Fire prevention never stops even for deer / elk camp. Gotta be carful with them wall tents!


----------



## FM William Burns (Nov 21, 2010)

More to do with those who "must" eat their red meat over done. Never saw a grill bubble the outer paint before. The lodge owner insisted......"hey turn all the burners up to high." Didn't want any part of letting meat rest. When I saw the flames coming out of the vents FMWB took over and turned off the gas, pulled the grill away from the soffet and salvaged the steaks by removing the fuel/fat. I used my Coors Light to damper the remaining flames. Sometimes fast response suppression is necessary and you're right, maybe at minimum....a Type K portable will be forthcoming.


----------



## Jobsaver (Nov 21, 2010)

Well, no need to over-reach. Though, now, there is no option. *Camp residents shall keep plenty of Coors Light on hand within line-of-sight while cooking*.


----------



## FM William Burns (Nov 21, 2010)

Yea, maybe a proposal forthcoming to the IRC for camps     Really didn't want to give up the silver bullet though


----------



## jpranch (Nov 21, 2010)

Jobsaver said:
			
		

> Well, no need to over-reach. Though, now, there is no option. *Camp residents shall keep plenty of Coors Light on hand within line-of-sight while cooking*.


Love it! LOL!!!


----------



## mark handler (Dec 4, 2010)

Dear santa

View attachment 285


View attachment 285


/monthly_2010_12/572953bb5e3b6_Picture1.jpg.52a52a1e335b1c658ea7c7ddf175d982.jpg


----------



## fatboy (Dec 4, 2010)

Got that in my email yesterday........pretty funny.

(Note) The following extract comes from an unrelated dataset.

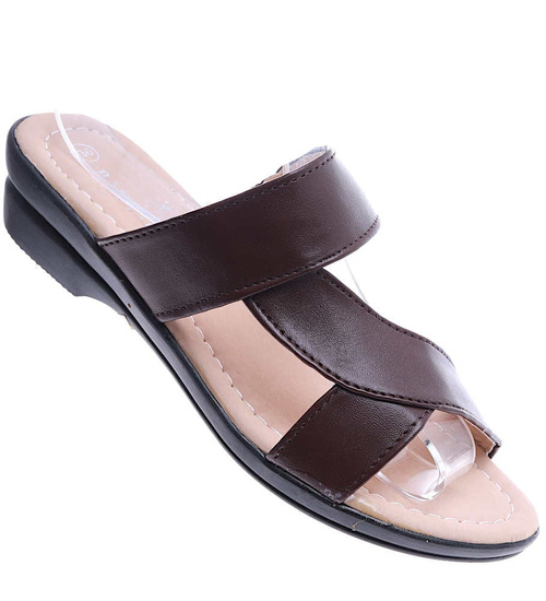 - Klasyczne brązowe klapki w casualowym wydaniu.
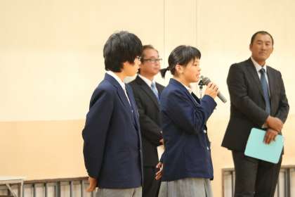 新生徒会が認証された後、後期の学級役員の認証式が行われました。

And........FMWB, that is an appropriate use of a Silver Bullet, since it's not fit for drinking.......haha

Now, if you had to sacrifice a Fat Tire......that's a whole nother story.


----------



## FM William Burns (Dec 4, 2010)

Love that pic.

Fatboy.....all stocked up with FT now.  If you have not tried it yet and can get it out there, Great Lakes Brewing Company makes a real good one called Elliot Ness:

http://www.greatlakesbrewing.com/beer/an-exceptional-family-of-beers


----------



## jpranch (Dec 4, 2010)

Mark, too cool!


----------



## Jobsaver (Dec 5, 2010)

Mark: Seriously twisted!


----------